Incorrect firewall configuration forces us to ask other Tier 1 networks to disable all peering with our network.
Perhaps they should, because that is what happened at CenturyLink this weekend. They crashed their network so hard that it caused a 3.5 percent drop in global internet traffic according to the very knowledgeable people who run Cloudflare. It also caused me some bemusement because I rarely find myself waking to find corporations have left me warnings about portions of the internet becoming unreachable overnight.
If you want to know the details of what caused the CenturyLink outage then you should take a look at Cloudflare’s analysis, which seemingly serves as the basis of every news article on this topic. Put simply, a flaw in an instruction to reconfigure all CenturyLink’s firewalls meant all their servers blocked the receipt of new configuration rules, creating a situation which was difficult for the network to recover from. CenturyLink’s team suddenly had to clear all the flawed instructions from across their US network, and they made that simpler by telling other Tier 1 networks to temporarily stop peering with CenturyLink, so the servers did not have to deal with additional configuration instructions from peers as well.
AS1299 have temporarily disabled all IPv4 peering with CenturyLink AS3356 on their request.
— Telia Carrier (@TeliaCarrier) August 30, 2020
For five hours CenturyLink’s network carried almost no traffic. Those who could switch to other networks did so. And for those customers whose only connection to the internet is via CenturyLink, their only consolation was that CenturyLink said they were sorry.
We are able to confirm that all services impacted by today’s IP outage have been restored. We understand how important these services are to our customers, and we sincerely apologize for the impact this outage caused.
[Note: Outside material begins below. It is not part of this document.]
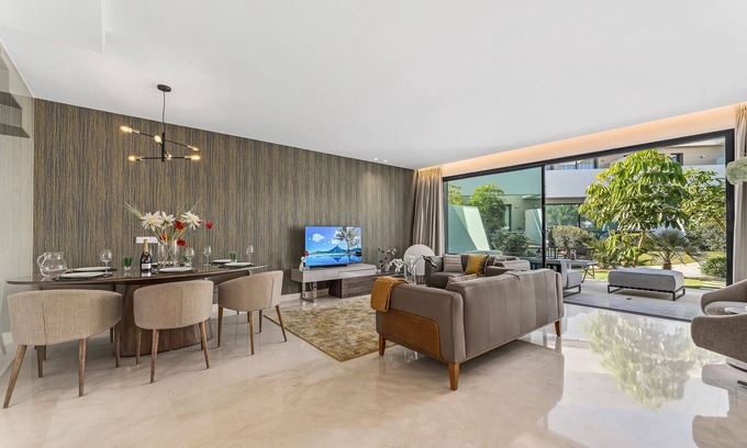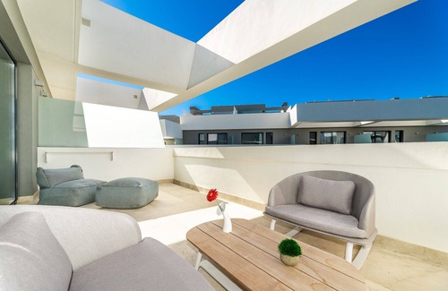 Very Modern and Upscale, 3 bedroom spacious townhouse with Private Heated Pool in the heart of the famous La Cala de Mijas, just a 5 min. walk to the beautiful La Cala beach. House is stylishly decorated and very well equipped. Spectacular communal garden facility with 2 saltwater communal pools and a children's pool. On the main level you will find a spacious Living/Dining room with a guest bathroom and an open concept fully equipped modern kitchen with a breakfast bar. Wall to wall glass sliding doors will lead you to the private terrace with direct access to a beautiful community garden and pools. Stylishly decorated living room has a large Smart TV with hundreds of international channels. The 2nd level of the house offers a Master bedroom with ensuite, built in wardrobe and private access to the spacious outdoor terrace with amazing views. the 2nd. and 3rd. bedrooms have full privacy and a shared bathroom. The 3rd level of the house has a big outdoor roof top with an outdoor kitchen, BBQ Grill, dinning ,outdoor shower, sun bathing area and a small heated pool. In the lower level you will find a laundry room with the washer, dryer and direct access to the garage with the private parking space.

— CenturyLink (@CenturyLink) August 30, 2020
Managing risk is a team effort, and this outage exemplifies why a Chief Risk Officer could never have all the knowledge to take hands-on responsibility for everything that can go wrong at a technical level. But it also illustrates why telcos need somebody independent of operational teams to evaluate risk. It may not have been on the risk register before, but this week some operators will be thinking about whether a single mistake could take their networks down too.